There are lots of articles and websites on training cats so just check google, you could even try clicker training  maybe not for tricks but just so that you can train him to let you groom him.

Hope that helps.


----------



## ambercat (May 4, 2009)

vise09 said:


> I have a 4 year old Norwegian Forest Cat.
> As of late - his fur has become extremly difficult to take care of - its has clumped up at places, and the 'under-fur' is like a carpet. It is very stressful for both him and us - and I would appreciate any help on how to avoid such incidents.
> 
> He was fully shaved last year because it was over the top - he wouldnt even let us groom him and there were hairballs all over him - and now its happening again..
> ...


As the others have said, you may need to get the matted areas shaved again so that you can start from scratch (no pun intended LOL!). Either at your vets or maybe see if there is a groomer locally who could help. A good groomer will show you how to keep his fur in good nick afterwards (with tips on how to get him more used to grooming).

I adopted a chinchilla persian a year ago, she was pretty much ungroomable, so I said I'd take her on to see if I could get her more tolerant of grooming (I'm a cat groomer by profession) - its taken the best part of a year to get her to the point where she actually comes into the grooming room (voluntarily, LOL!) when she hears me getting the brushes and combs ready. Having some pieces of cooked chicken to hand may also be a factor in why she is so keen!  .

Once the mats have been taken care of, its a case of taking it slow and gentle - and its easier if you can stand your cat up on something to groom, table, worktop etc. I start by standing the cat on the table, then offer the treat, then brush/comb a little, offer another treat, brush again, treat - then finish for the first session. Just build the sessions up in length over a period of time.

Don't use the furminator on longhaired cats, it will strip the coat (top coat too), try the Mikki mat breaker - it can be used like a comb, you lift the top coat and comb gently down the undercoat with the mat breaker. Mikki Matt Breaker with Spare Blades at UKPetSupplies.com Then use a metal comb and finish with a slicker brush. If, despite all those efforts you do still get the occasional little knot, this battery trimmer is brilliant for quickly removing smallish knots. 
Wahl Pocket Pro Hair Trimmer Battery Black Rubberised 8066-717: Amazon.co.uk: Health & Beauty


----------



## vise09 (Mar 27, 2010)

Catlover2 said:


> Have you tried the furminator? It's fantastic!





PinkPaws said:


> Hi, poor kitty! Poor you too  I can imagine that it's very stressful and it must be pretty hot for him under all that fur!
> 
> I think with long haired cats it's very important that you train him to be groomed.
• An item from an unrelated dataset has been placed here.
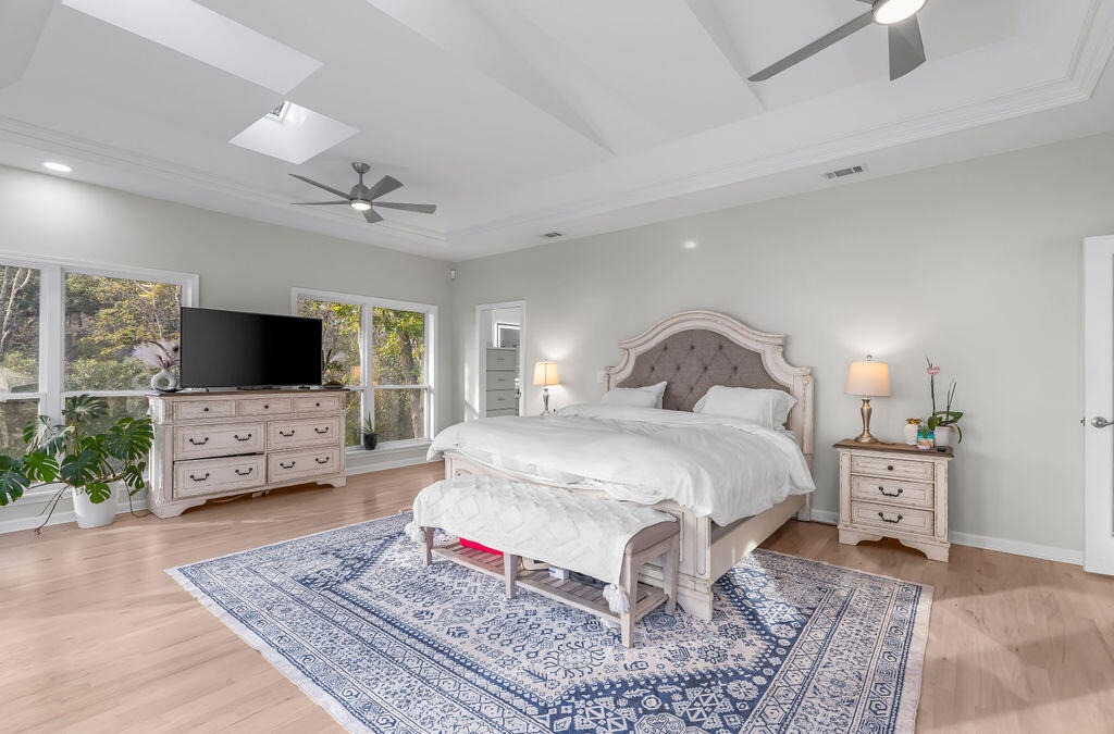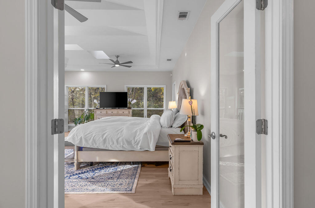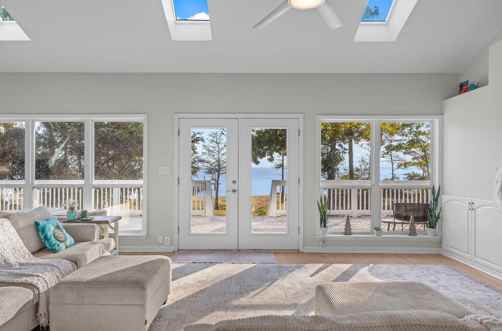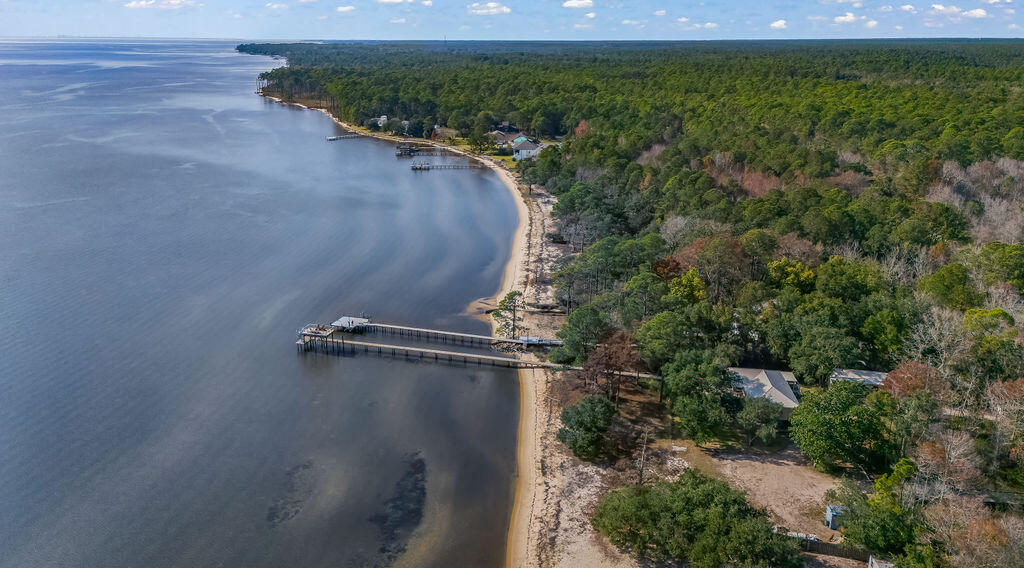 PRICE IMPROVEMENT! Rare 108 ft of private bayfront with NO HOA on 1.56 acres.Welcome to your bayfront paradise featuring a beautifully updated 4-bed, 2.5-bath home with an open floor plan, cathedral ceilings, hardwood floors, and a stunning kitchen with a granite island, double oven, and smart appliances. The primary suite offers unbeatable bay views, vaulted ceilings, and a spa-like bathroom with dual shower systems.Step outside to a 16x62 wraparound deck overlooking the Choctawhatchee Bay, a private sandy beach, and a dock with a gazebo, perfect for sunset watching, fishing, and water days. Upstairs features four spacious bedrooms with panoramic bay views and hardwood floors.Downstairs offers an oversized 2-car garage, workshop/gym space, and an air-conditioned bonus room. The covered patio includes turf, grilling space, and an 800 lb cargo elevator.

You could try the Furminator as the above poster says but if it's matted then I think you'll just have to shave him again  As his fur grows back remember to groom him everyday, with the furminator if possible(it's expensive). You could also trim his really long bits such as his trousers to help keep things in check.
> 
> ...





ambercat said:


> As the others have said, you may need to get the matted areas shaved again so that you can start from scratch (no pun intended LOL!). Either at your vets or maybe see if there is a groomer locally who could help. A good groomer will show you how to keep his fur in good nick afterwards (with tips on how to get him more used to grooming).
> 
> I adopted a chinchilla persian a year ago, she was pretty much ungroomable, so I said I'd take her on to see if I could get her more tolerant of grooming (I'm a cat groomer by profession) - its taken the best part of a year to get her to the point where she actually comes into the grooming room (voluntarily, LOL!) when she hears me getting the brushes and combs ready. Having some pieces of cooked chicken to hand may also be a factor in why she is so keen!  .
> 
> ...


I thank you all for your help.

I already have a furminator - but I have noticed, personally - that it did little to help and felt like it _thinned_ the coat:S

Perhaps shaving him is the best option for now... however I may have to go to a different groomer, last time he came back .. he was covered in scratches and cuts.. we had to cream him daily, but he is in a fantastic condition now. I cant tell if it is the groomers fault or if it was because of the horrible condition his fur was in.

ambercat thank you for that post. I see that it mustve taken a while to write it out and I appreciate it very much  
I have ordered Mikki Matt Breaker, and will try that soon.

Can anyone please suggest worthy articles that can perhaps guide me on how to *properly* care for his coat? Its a nightmare, and he isnt fond of it all what so ever!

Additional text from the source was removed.